▶ **Exercise material**:
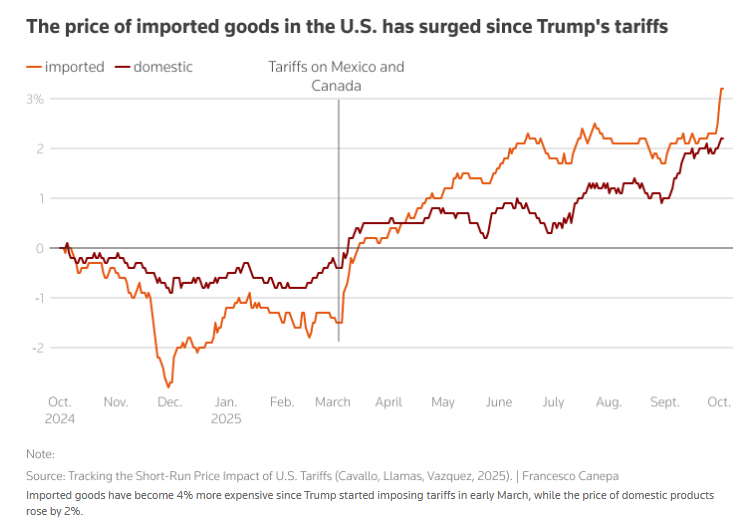 他们发现,自美国政府3月初开始征收关税以来,进口商品价格上涨了4%,而美国国内产品价格上涨了2%。其中,进口增幅最大的是美国国内无法生产的商品,比如咖啡。或来自土耳其等受到严重关税“惩罚”国家的商品。
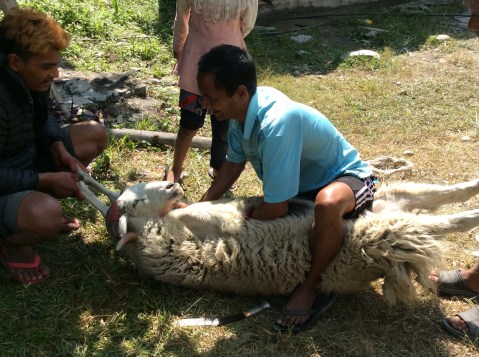 Warning friends, the next paragraph and photograph contain details of the slaughter of a sheep.
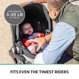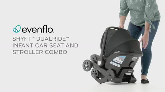Shyft into life with a newborn! The Evenflo® Shyft™ DualRide™ Infant Car Seat Stroller Combo with Carryall Storage & Extended Canopy is a single piece of baby gear that Shyfts from infant car seat to stroller in one step, streamlining life on the go. Moving from car to sidewalk? Simply lift the carrier off the base, release the wheels and you’re rolling in no time. From backseat to street in a heartbeat! Maneuvering stairs? Retract the wheels, carry up or down steps, pop the wheels back down and stroll on. No struggling with multiple pieces of gear. No disturbing your little one. This car seat stroller combo makes every trip easier. Designed for infants as small as 3 lb and up to 35 lb, who measure from 15.7 in. to 32 in., this stroller with infant car seat in one comes with a no-rethread harness that adjusts to 8 positions to grow with your child. Thoughtful design places the infant carrier on the stroller higher, so your baby’s sweet face is always near. You’re looking for a safe infant car seat — and the smart car seat is a connected car seat. With SensorSafe™ to connect you to your little one from their car seat, the DualRide is the gold standard when it comes to child car seat safety. DualRide’s integrated SensorSafe technology alerts you in real-time to 4 potentially unsafe conditions from your child’s car seat either inside or outside of the car via Bluetooth: unexpected chest clip unbuckling, unsafe ambient temperature, child unattended, and child buckled too long. LockStrong™ Installation and Quick Connectors™ provide solid, secure installation in no time. Compatible with the Evenflo® Gold Shyft Travel System, this stroller car seat combo provides an extendable, full-coverage canopy to block rain and snow, with UPF 50+ to help protect against the sun — a built-in mesh peek-a-boo panel lets you keep an eye on your baby. With the DualRide stroller and infant car seat combo, the extras aren’t extra! A removable carryall storage bag and removable parent cupholder are included. Another plus: Wheels nest securely in the base wheel wells in your vehicle, so you can take just the carrier into your home without tracking in dirt. To finish it off, this DualRide features our most sophisticated silhouette and premium details, including vegan leather trim, chrome zippers and pulls, plus washable padding, to ensure you’ll Shyft into new parenthood in style. There are strollers and there are infant car seats — you get the best of both in the Shyft DualRide. The one piece of baby gear that does it all!
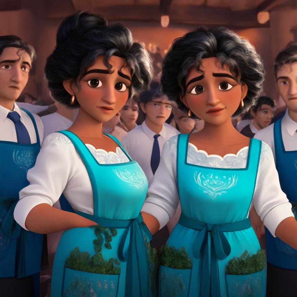 Julieta,1girl,tanned skin,curly black hair tied in a bun,hazel eyes,blue dress with a blue kitchen apron,brown flat shoes, gold earrings
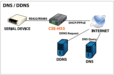 En utilisant le boîtier "CSE-H55N", votre application sera dès lors accessible depuis n'importe quel point du réseau (et éventuellement depuis l'extérieur via Internet).
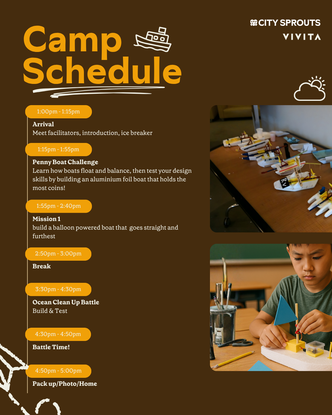 Kids will work together to brainstorm, sketch, and refine their ideas, gaining experience in creative problem-solving and collaboration. Through friendly boat-racing challenges, they’ll see how teamwork and experimentation help ideas evolve and improve.
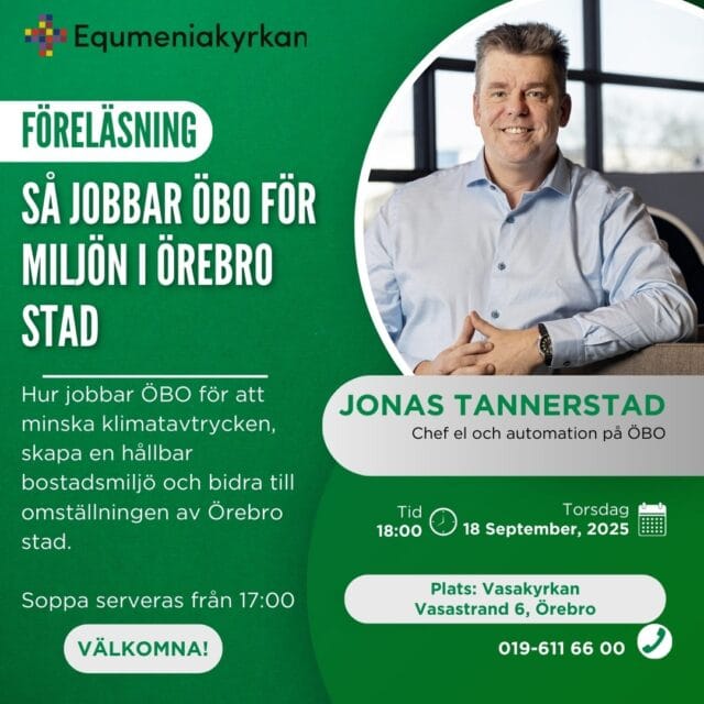Jonas Tannerstad kommer och föreläser om ÖBO arbete för att minska klimatavtrycken, och skapa en hållbar bostadsmiljö samt bidra till omställningen av Örebro stad. Soppa från 17:00 Föreläsningen börjar 18:00
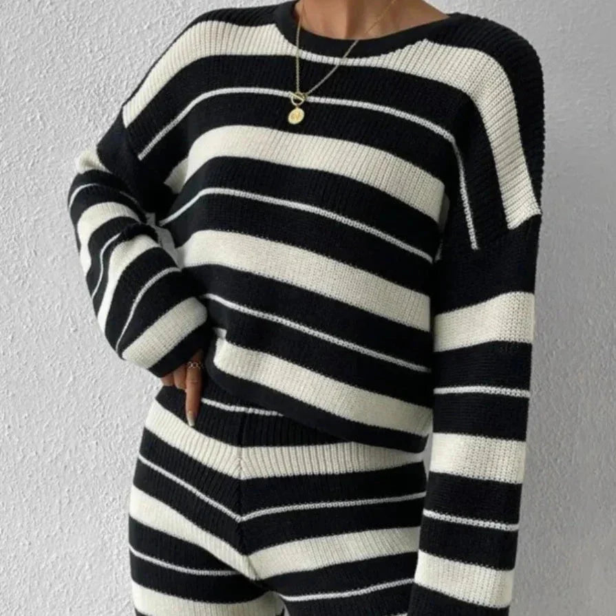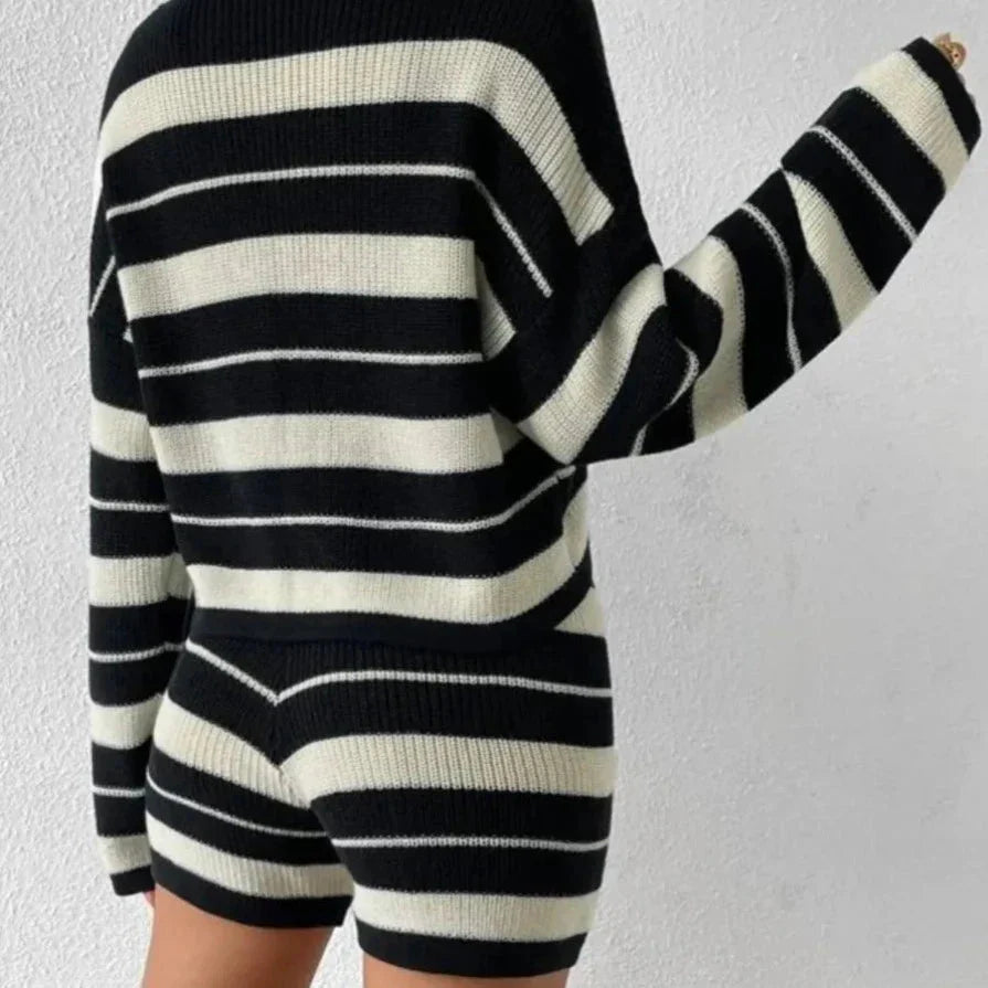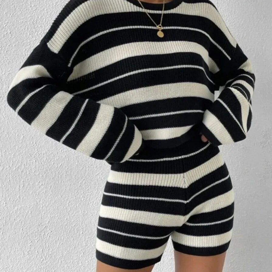 Představujeme pletenou soupravu domácího oblečení s kontrastními pruhy, ideální pro každodenní relaxaci i na podzimní a zimní večery. Tato černá souprava s kulatým výstřihem, dlouhými rukávy a kraťasy je vyrobena z pohodlného úpletu, který vás zahalí do tepla a pohodlí.
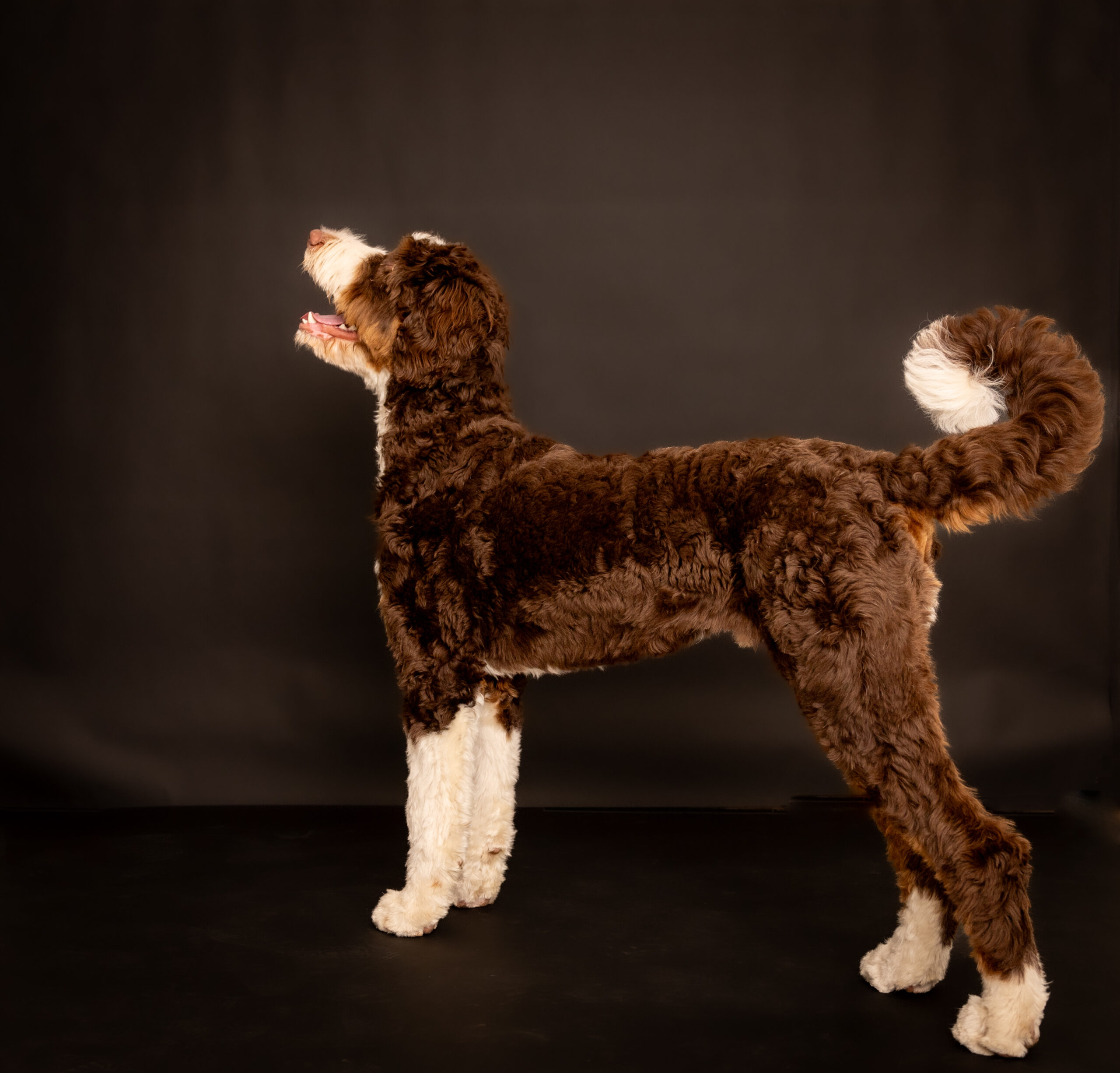 Handsome on every angle. Elliot has a remarkable wavy coat, liver nose, and stunning green eyes. He is human focused, treat motivated, and ready to please. Now ready to produce stunning pups.
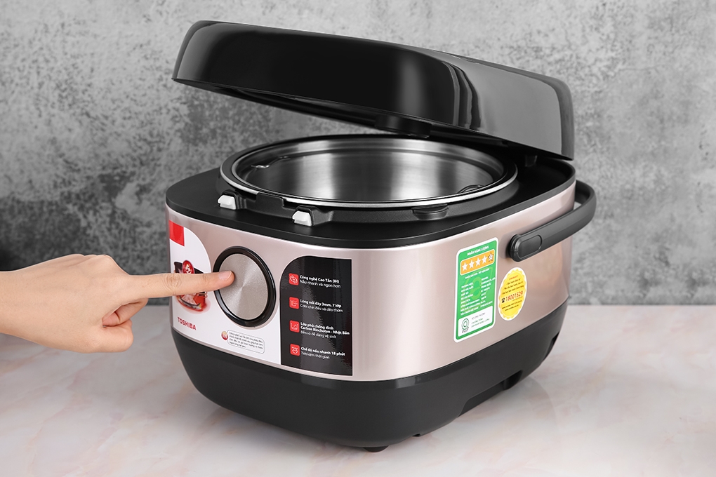 Có công suất 1300W cùng công nghệ nấu cao tần giúp làm nóng nồi cho cơm chín nhanh, đều.
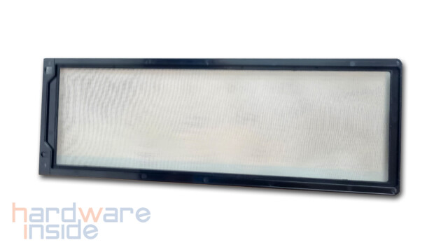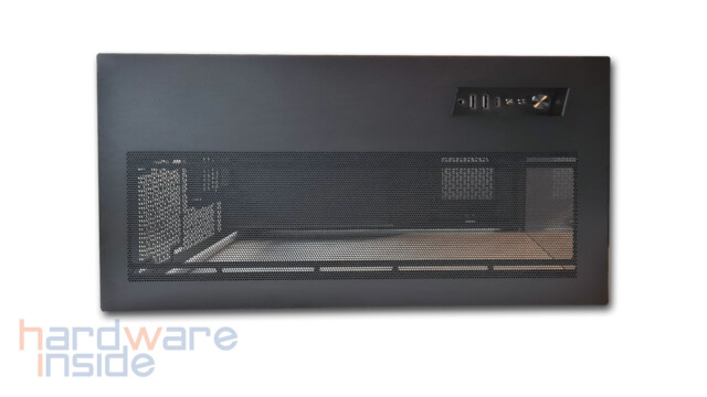 Im Deckel selbst befindet sich eine große Belüftung in Mesh-Optik, welches eine stimmige Einheit mit dem rechten Seitenteil und der Rückseite bildet. Durch die Entnahme des Deckels ist eine Installation von drei 120 mm Lüftern oder einem 360 mm Radiator gegeben. Hier befindet sich auch das I/O-Panel. Darin sind die Reset-Taste gefolgt von dem Power-Button, dahinter folgen zwei Tasten für den ARGB-Beleuchtungsmodus und dem ARGB-Farbmodus und eine kombinierte 3,5 mm Audioklinkenbuchse, ein USB-C und zwei USB 3.0 Typ-A-Buchsen untergebracht.
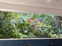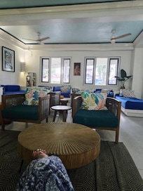 The rooms are dated and need a touch up. The rooms smell mold, the lock on the veranda door was broken and our garden view was not very nice. Due to gaps in the front door and veranda door we had some mosquitos in our room daily. The aircondition worked perfectly and hardly made any noise. Kept the room nice and cool (but didn’t help on the mosquitos). A small fridge with two daily bottles of water in the room was also nice.
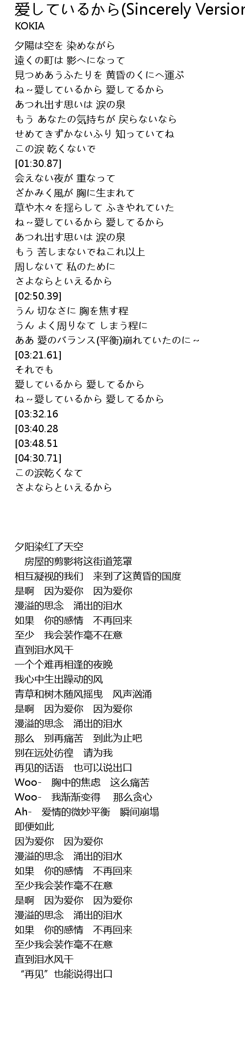 | [00:50.83] | ね~愛しているから 愛してるから |
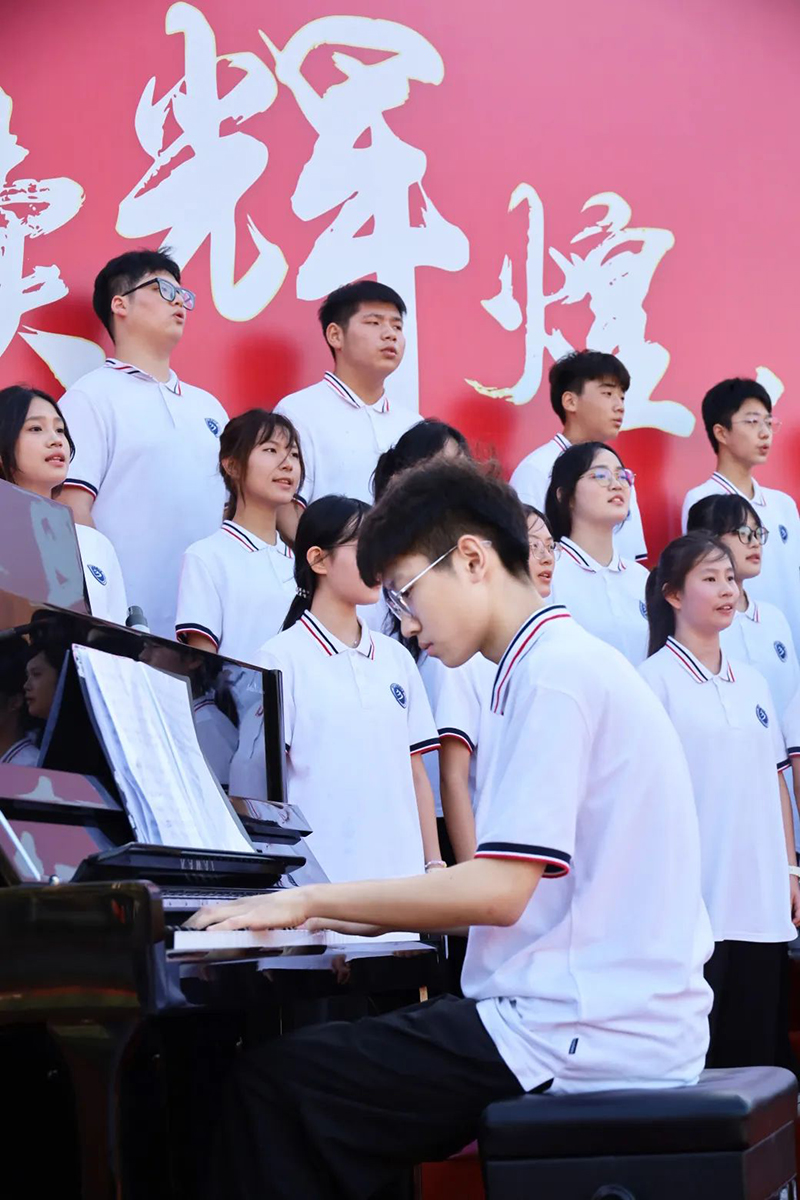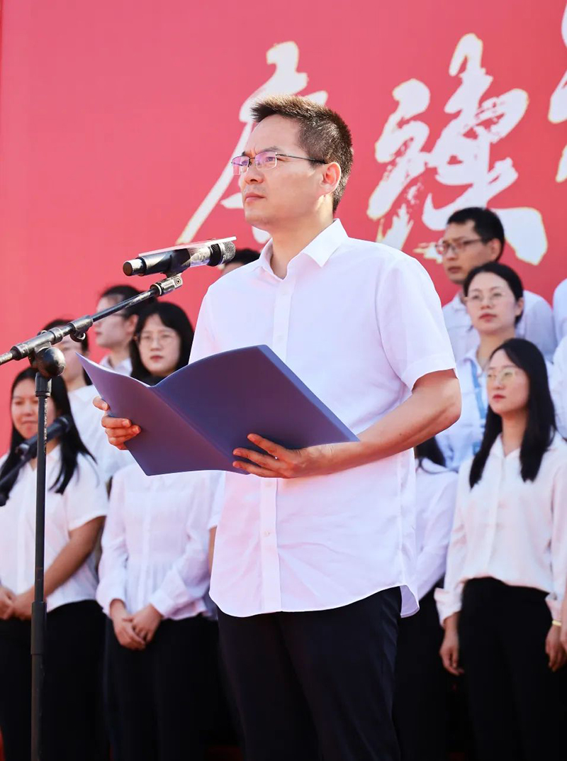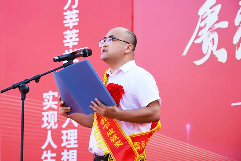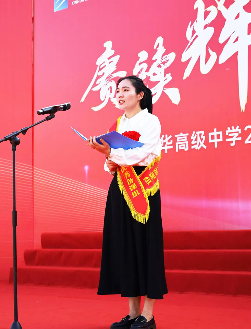 優秀教職工代表宣夢玲老師發言。她希望高一年級同學能在新的征程上努力拼搏,以實際行動追逐夢想,并寄語高二、高三年級同學“筑夢”、“圓夢”,擁抱青春,挑戰自我,實現人生價值。

▶ **Description of the task**: Give all the entries again exactly, dropping each picture.

▶ **Response**:
 他们发现,自美国政府3月初开始征收关税以来,进口商品价格上涨了4%,而美国国内产品价格上涨了2%。其中,进口增幅最大的是美国国内无法生产的商品,比如咖啡。或来自土耳其等受到严重关税“惩罚”国家的商品。
 Warning friends, the next paragraph and photograph contain details of the slaughter of a sheep.
Shyft into life with a newborn! The Evenflo® Shyft™ DualRide™ Infant Car Seat Stroller Combo with Carryall Storage & Extended Canopy is a single piece of baby gear that Shyfts from infant car seat to stroller in one step, streamlining life on the go. Moving from car to sidewalk? Simply lift the carrier off the base, release the wheels and you’re rolling in no time. From backseat to street in a heartbeat! Maneuvering stairs? Retract the wheels, carry up or down steps, pop the wheels back down and stroll on. No struggling with multiple pieces of gear. No disturbing your little one. This car seat stroller combo makes every trip easier. Designed for infants as small as 3 lb and up to 35 lb, who measure from 15.7 in. to 32 in., this stroller with infant car seat in one comes with a no-rethread harness that adjusts to 8 positions to grow with your child. Thoughtful design places the infant carrier on the stroller higher, so your baby’s sweet face is always near. You’re looking for a safe infant car seat — and the smart car seat is a connected car seat. With SensorSafe™ to connect you to your little one from their car seat, the DualRide is the gold standard when it comes to child car seat safety. DualRide’s integrated SensorSafe technology alerts you in real-time to 4 potentially unsafe conditions from your child’s car seat either inside or outside of the car via Bluetooth: unexpected chest clip unbuckling, unsafe ambient temperature, child unattended, and child buckled too long. LockStrong™ Installation and Quick Connectors™ provide solid, secure installation in no time. Compatible with the Evenflo® Gold Shyft Travel System, this stroller car seat combo provides an extendable, full-coverage canopy to block rain and snow, with UPF 50+ to help protect against the sun — a built-in mesh peek-a-boo panel lets you keep an eye on your baby. With the DualRide stroller and infant car seat combo, the extras aren’t extra! A removable carryall storage bag and removable parent cupholder are included. Another plus: Wheels nest securely in the base wheel wells in your vehicle, so you can take just the carrier into your home without tracking in dirt. To finish it off, this DualRide features our most sophisticated silhouette and premium details, including vegan leather trim, chrome zippers and pulls, plus washable padding, to ensure you’ll Shyft into new parenthood in style. There are strollers and there are infant car seats — you get the best of both in the Shyft DualRide. The one piece of baby gear that does it all!
 Julieta,1girl,tanned skin,curly black hair tied in a bun,hazel eyes,blue dress with a blue kitchen apron,brown flat shoes, gold earrings
 En utilisant le boîtier "CSE-H55N", votre application sera dès lors accessible depuis n'importe quel point du réseau (et éventuellement depuis l'extérieur via Internet).
 Kids will work together to brainstorm, sketch, and refine their ideas, gaining experience in creative problem-solving and collaboration. Through friendly boat-racing challenges, they’ll see how teamwork and experimentation help ideas evolve and improve.
Jonas Tannerstad kommer och föreläser om ÖBO arbete för att minska klimatavtrycken, och skapa en hållbar bostadsmiljö samt bidra till omställningen av Örebro stad. Soppa från 17:00 Föreläsningen börjar 18:00
 Představujeme pletenou soupravu domácího oblečení s kontrastními pruhy, ideální pro každodenní relaxaci i na podzimní a zimní večery. Tato černá souprava s kulatým výstřihem, dlouhými rukávy a kraťasy je vyrobena z pohodlného úpletu, který vás zahalí do tepla a pohodlí.
 Handsome on every angle. Elliot has a remarkable wavy coat, liver nose, and stunning green eyes. He is human focused, treat motivated, and ready to please. Now ready to produce stunning pups.
 Có công suất 1300W cùng công nghệ nấu cao tần giúp làm nóng nồi cho cơm chín nhanh, đều.
 Im Deckel selbst befindet sich eine große Belüftung in Mesh-Optik, welches eine stimmige Einheit mit dem rechten Seitenteil und der Rückseite bildet. Durch die Entnahme des Deckels ist eine Installation von drei 120 mm Lüftern oder einem 360 mm Radiator gegeben. Hier befindet sich auch das I/O-Panel. Darin sind die Reset-Taste gefolgt von dem Power-Button, dahinter folgen zwei Tasten für den ARGB-Beleuchtungsmodus und dem ARGB-Farbmodus und eine kombinierte 3,5 mm Audioklinkenbuchse, ein USB-C und zwei USB 3.0 Typ-A-Buchsen untergebracht.
 The rooms are dated and need a touch up. The rooms smell mold, the lock on the veranda door was broken and our garden view was not very nice. Due to gaps in the front door and veranda door we had some mosquitos in our room daily. The aircondition worked perfectly and hardly made any noise. Kept the room nice and cool (but didn’t help on the mosquitos). A small fridge with two daily bottles of water in the room was also nice.
 | [00:50.83] | ね~愛しているから 愛してるから |
 優秀教職工代表宣夢玲老師發言。她希望高一年級同學能在新的征程上努力拼搏,以實際行動追逐夢想,并寄語高二、高三年級同學“筑夢”、“圓夢”,擁抱青春,挑戰自我,實現人生價值。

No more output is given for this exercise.